On the second day, two older men were walking along the lake shore, stopping periodically to perform some procedure, then moving on to repeat the procedure. I knew that there must be something I could learn from them. One was Roy Rash, an electronic technician; the other was Bob Bell, a metallurgist. They explained that leaks were developing in the bulkhead designed to keep the shore from eroding into the lake. The aluminum piling was corroding, the dissolving metal allowing the soil to wash out to the lake. With their voltmeter, they were measuring the electric potential between the aluminum, the lake water, and the soil. They will probably recommend burying rods of a more active metal that would be a substitute target of corrosion and save the aluminum.

And what is the plant the tide had brought into the lake shore, I asked. That, they informed me, is the water hyacinth. I had read of this invasive aquatic plant but had never seen it. The recent heavy rains apparently uprooted the plants and washed them down Clear Creek on into Clear Lake. Then the rising tide reversed their direction back toward Clear Creek.

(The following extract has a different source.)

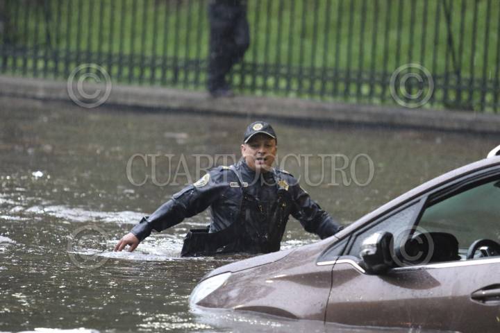 CIUDAD DE MÉXICO., 29JUNIO2017.- Un autobús de transporte de personal de una empresa particular, quedo prácticamente bajo el agua de la lluvia en la parte baja de los puentes de Tacuba en la calzada del mismo nombre. Bomberos de la CDMX y Estado de México, laboraron por varias horas de la noche y madrugada para ayudar a las personas afectadas por la tromba que azoto la zona metropolitana. FOTO: LUIS CARBAYO /CUARTOSCURO.COM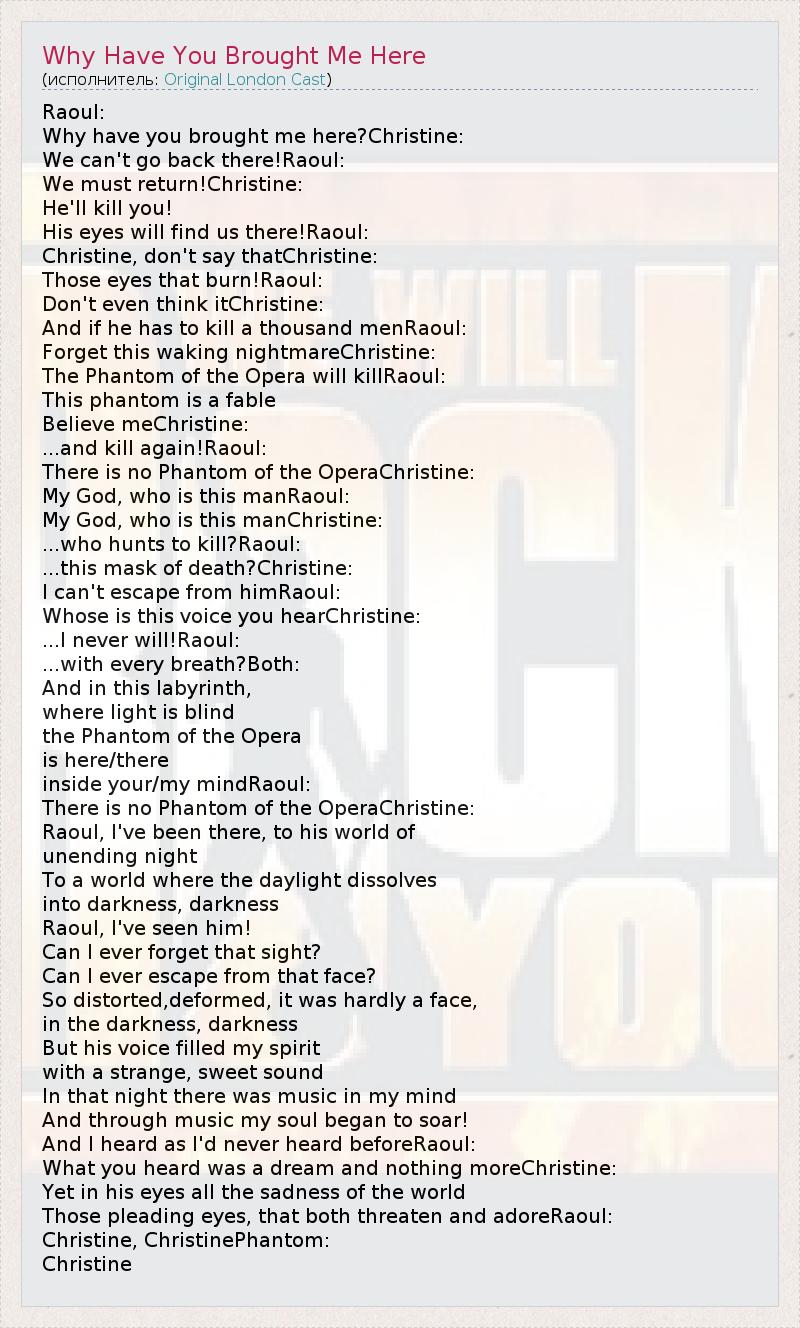 А как ты думаешь, о чем песня "Why Have You Brought Me Here" ?

The water hyacinth, native to Central and South America, was brought to the United States in the 1880s for an exhibition in New Orleans. A woman took one of the handsome blue-flowered plants to her backyard in Florida, and within 10 years, the species had become a public nuisance. It not only crowded out native aquatic plants; it also blocked boating traffic in ponds, canals, and rivers. Without its natural enemies, it thrived in Florida's nutrient-rich waters, doubling its population every two weeks, and spreading quickly to other southeastern states.

A variety of control methods were tried: mechanical choppers, deadly sodium arsenate, the herbicide 2, 4-D, the endangered herbivorous Florida manatee (sea cow), a large herbivorous fish imported from the Soviet Union, and an herbivorous water snail imported from Puerto Rico. A more promising natural predator of the hyacinth is a species of weevil imported from Argentina which feeds only on hyacinth.

Research by the National Aeronautic and Space Administration suggests several practical uses of the water hyacinth: absorbing toxic substances from sewage treatment lagoons, conversion to a fuel similar to natural gas through fermentation, providing a protein and mineral supplement for cattle, and fertilizing and conditioning the soil.

Just think, without tides, I may never have seen a water hyacinth.